WHAT YOU HAVE TO DO:
Below are records with pictures in them. Transcribe everything from the line containing "A quilt showcases" down to the line containing "Salade crémeuse de", exactly, and leave the pictures behind.

INPUT:
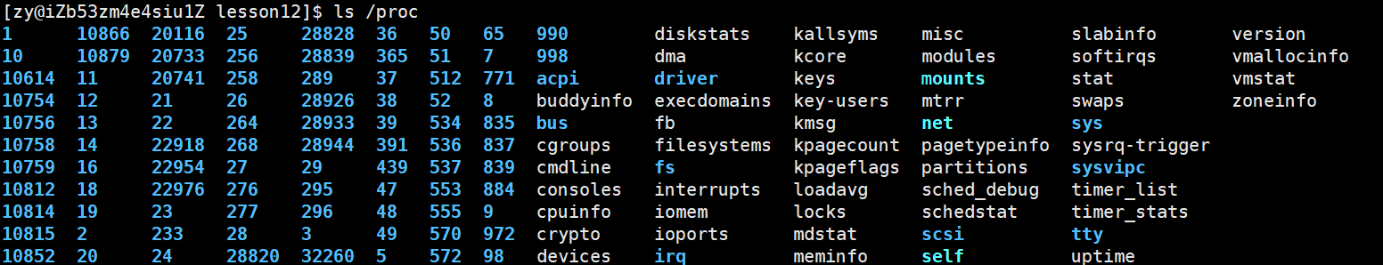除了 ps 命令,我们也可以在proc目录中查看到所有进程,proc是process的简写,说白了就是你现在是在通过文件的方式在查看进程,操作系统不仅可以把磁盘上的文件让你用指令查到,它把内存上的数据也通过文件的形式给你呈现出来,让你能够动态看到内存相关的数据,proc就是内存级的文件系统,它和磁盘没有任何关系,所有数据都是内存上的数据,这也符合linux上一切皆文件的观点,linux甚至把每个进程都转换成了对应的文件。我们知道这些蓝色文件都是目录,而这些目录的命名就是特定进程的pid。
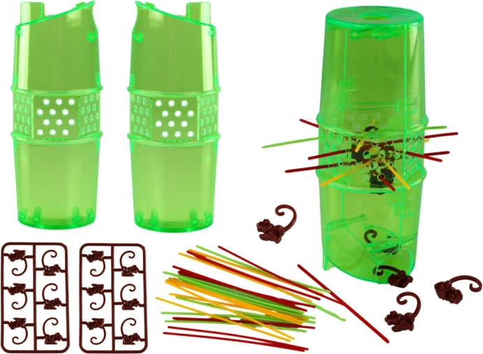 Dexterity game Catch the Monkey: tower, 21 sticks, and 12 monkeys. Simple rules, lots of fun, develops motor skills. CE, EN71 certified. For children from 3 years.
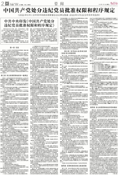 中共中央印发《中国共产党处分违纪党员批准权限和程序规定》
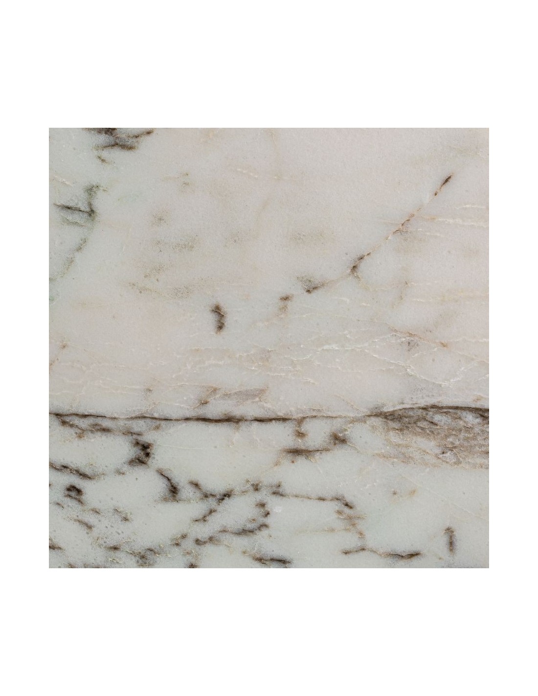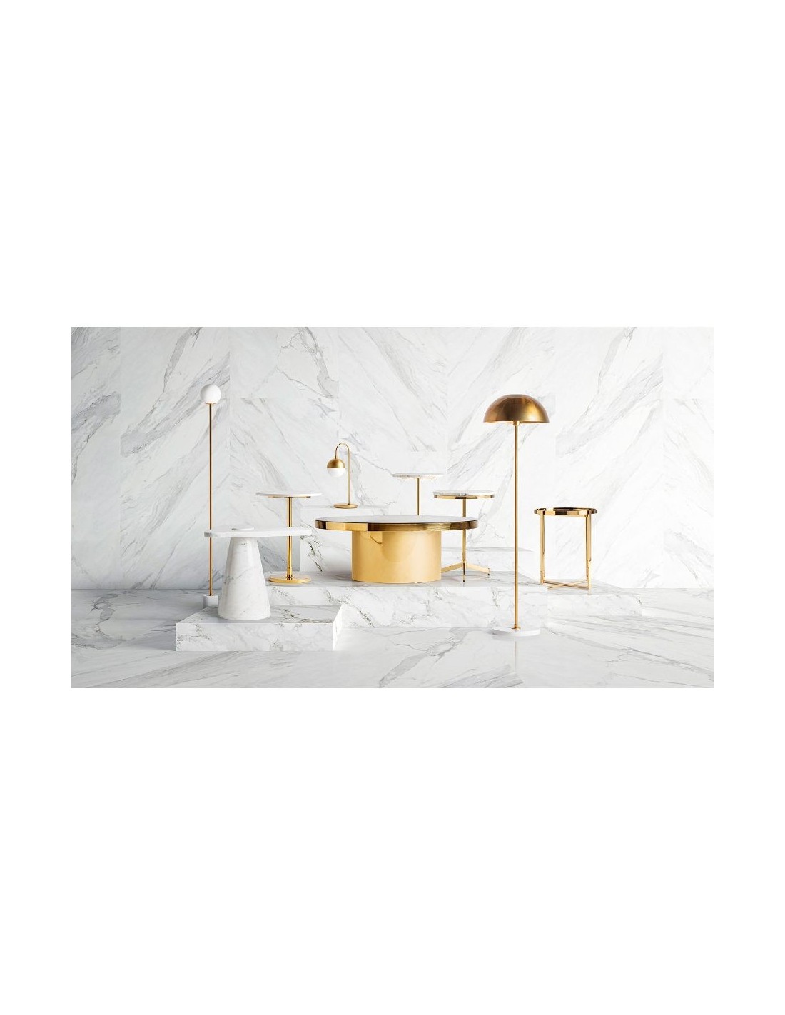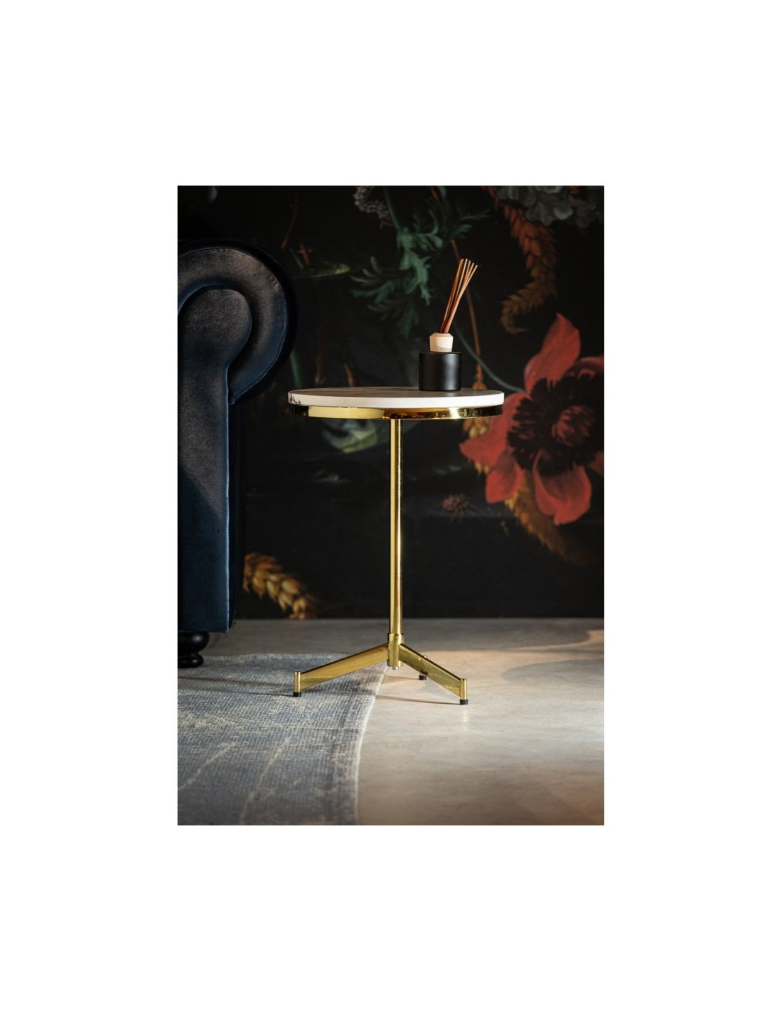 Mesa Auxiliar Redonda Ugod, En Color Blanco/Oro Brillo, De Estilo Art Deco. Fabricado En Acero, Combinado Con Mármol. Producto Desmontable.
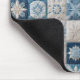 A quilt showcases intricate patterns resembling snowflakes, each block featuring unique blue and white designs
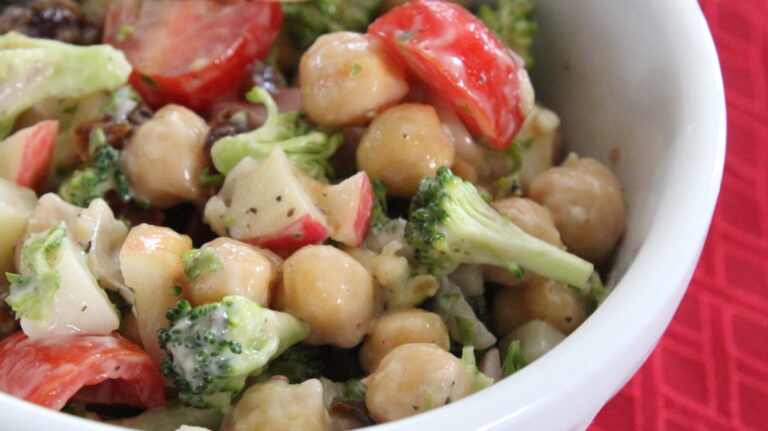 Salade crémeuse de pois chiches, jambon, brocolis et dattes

* * *

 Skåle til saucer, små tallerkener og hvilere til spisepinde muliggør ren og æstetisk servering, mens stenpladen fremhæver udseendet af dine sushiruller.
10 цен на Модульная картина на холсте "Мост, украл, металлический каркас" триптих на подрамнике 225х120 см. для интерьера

RESULT OF THE TASK:
 A quilt showcases intricate patterns resembling snowflakes, each block featuring unique blue and white designs
 Salade crémeuse de pois chiches, jambon, brocolis et dattes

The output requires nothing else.